With deregulation of financial markets, more US financial services companies are moving into Canada. Gilroy cited Wells Fargo, Capital One and MNBA as major new entrants fighting for market share. At the same time major Canadian banks are merging to meet growing competition.


In a wide ranging review of direct marketing prospects in Canada for this year and next Gilroy and Alison Durtnal, direct mail manager for NEBS Business Forms Ltd., also made these points:


*Canada is a small business market. Of the million plus Canadian companies 90 percent have fewer than 20 employees. The number of firms with more than 100 workers is relatively small.


*The Canadian dollar is a major problem. It has been falling against the US dollar despite a strong economy. It currently trades in the 65 cent range and Gilroy thinks it might move back to the mid seventies but is unlikely to rise higher than 80 cents.


The low Canadian dollar has hurt American sales that are converted back into US dollars, but has boosted the value of Canadian exports to the US.


US dollar offers used to be viable 8 years ago when the C$ was worth 89 cents but Gilroy believes they no longer are. "That's down 20 percent, so selling in US$s has become a hard sell." Newsletters and software are about the only products that still command US dollars.


*Canada Post is eager to help direct marketers but its economics are so bad that rates are sure to rise. Gilroy looks for a significant increase. "CP is looking at 20-30 percent hikes on the catalog side and 8-10 percent for regular mail."


When all the lobbying is done the increase should be held to half of what Canada Post has proposed with hikes in place sometimes in the first quarter of next year.


One added uncertainty is the unsettled postal contract that was forced on the union after last year's brief postal strike.
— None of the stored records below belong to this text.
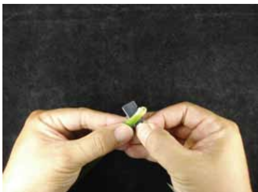
圖十二、由於下位節較密，故剛開始縱切時阻力較大，可以下方手指靠緊，緩慢控制下切力道，防止受傷。
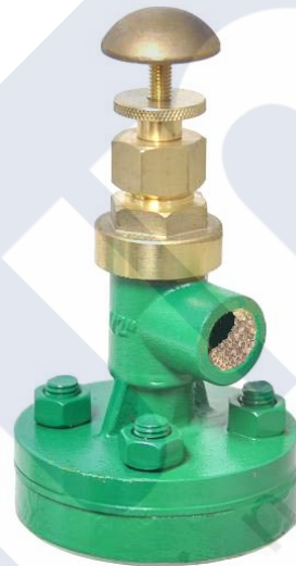
Fig. 251 Brida y suplemento
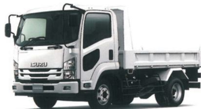
4トン ダンプ (三方開)
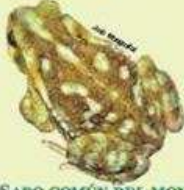
SAPO COMÚN DEL MONTE Rhinella arenarum mendocinus VU/10.2 cm LHC/Ovipara/Omnívora Estepas, pastizales y cuerpos de agua dulce
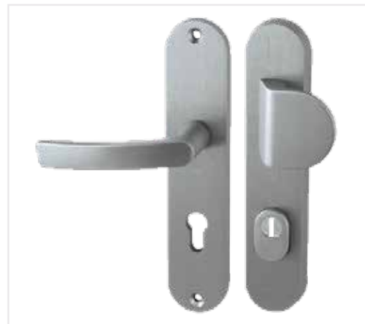
04 Kování vstupních dveří
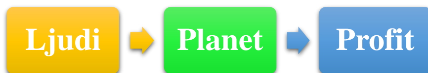
Shema 1. Model trostruke bilance
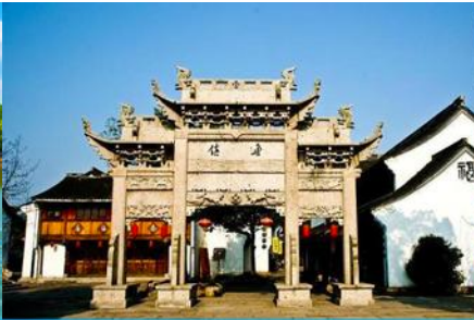
เมืองโบราณ หลู่จื๋อ
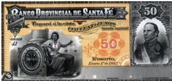
50 Pesos Moneda Nacional Emisor: Banco Provincial de Santa Fe Anverso: Justo José de Urquiza Reverso: Valor en números Año: 1882
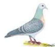
Coburger Lerche silber m.Binden 1.1 jung
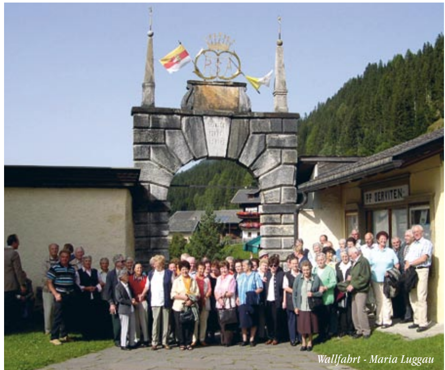
Wallfahrt - Maria Luggau
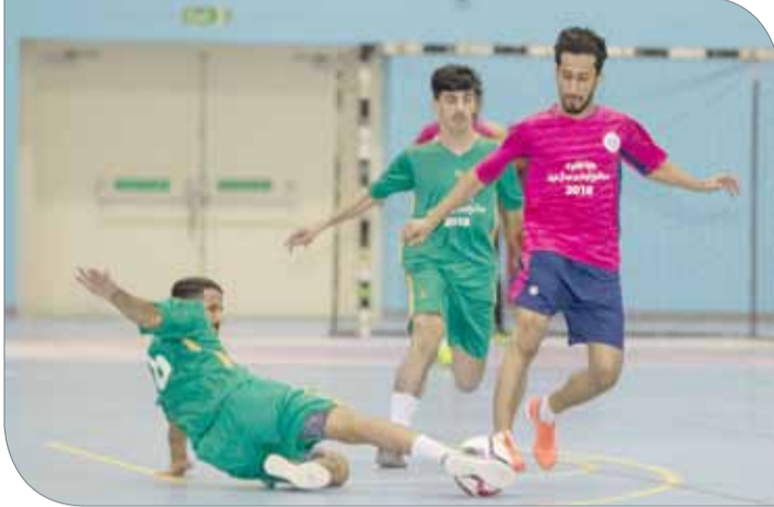
جانب من المنافسات

وأوضح صديق زويد أن بطولة المغفور له بإذن الله سمو الشيخ فيصل بن حمد آل خليفة تشهد نجاحاً عاماً بعد الآخر، وهي إحدى المحطات المهمة التي تستخرج النجوم وساهمت بشكل كبير باكتشاف العديد من المواهب الذين شاركوا مع المنتخب الوطني في الفترة الماضية.

Equally worrisome is the fact unit costs of employees is "still out of whack."


*Quebec is 27 percent of the Canadian market with four million French speakers and 1 million English speakers, almost mandating a bilingual approach.


It still pays to translate catalogs into French and bilingual call centers are mandatory. But Gilroy warned that catalogs and creatives crafted for Quebec cannot be rolled out into France although French campaigns can work in French Canada.


*Lists are a problem because Canada doesn't have enough of them and too many are not updated regularly enough. Daytimers updates its Canadian lists monthly, but some companies only do it every two years.